At last the picture swam and hissed and then stabilized. An image appeared, the same one he’d seen for only a second when Landers had shown it before: a large house, outbuildings and corrals, and sprawling open land surrounding it all. With a tapping on the keyboard an electronic inquiry was sent and back streamed a screen full of telemetry data, including the coordinates of the target residence.
The men let out a triumphant yell, one of them turned up the lights, and another called out the key data to be copied down. George Pierce bent over the large map on his table, traced the coordinates with his fingers, and quickly found the place.

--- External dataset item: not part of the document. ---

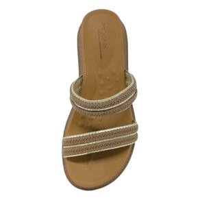Design que encanta: tiras médias maleáveis e resistentes, com detalhes de tranças e acabamentos metalizados, que adicionam sofisticação e charme ao modelo.

“Feed those numbers into a GPS,” he said, “then get all the men together, get everybody, but do it quiet.” He was thinking of the skeleton crew of Talion mercenaries that Landers had left with him, camped in the field outside. Without any doubt part of their job was to keep watch over their hosts and report any hints of revolt.
But a time comes when every leader must face the Rubicon and make his choice to cross it or deny his destiny. This was a turning point, and although it had come sooner than he’d expected, he would not shy away.
“No,” Pierce said. “We’re not going to slink off our own land and sneak away to do what’s right. Now listen up. Keep the man out there in the radio tent alive, and we’ll persuade him to keep his boss informed that we’re all still doing what we’re told. As for the others, I want you boys to go now and kill everyone outside that ain’t one of us. Take them all at once, and I don’t want to hear any alarms go off, you understand? Make it quick and quiet and clean.”
The men nodded, and a few of them smiled.
Then Pierce thumped the X he’d drawn on the map in front of him.
“And then you go there,” he said, “all of you. Drive down to that ranch and murder everything moving. Man, woman, or child, it makes no difference to me. Kill them all and we’ll let God sort ’em out. Burn the place to the ground, but you save one thing for me.” He raised his voice so all could hear. “I’ll give ten thousand in gold to the man who brings that Molly Ross back here alive to face the music.”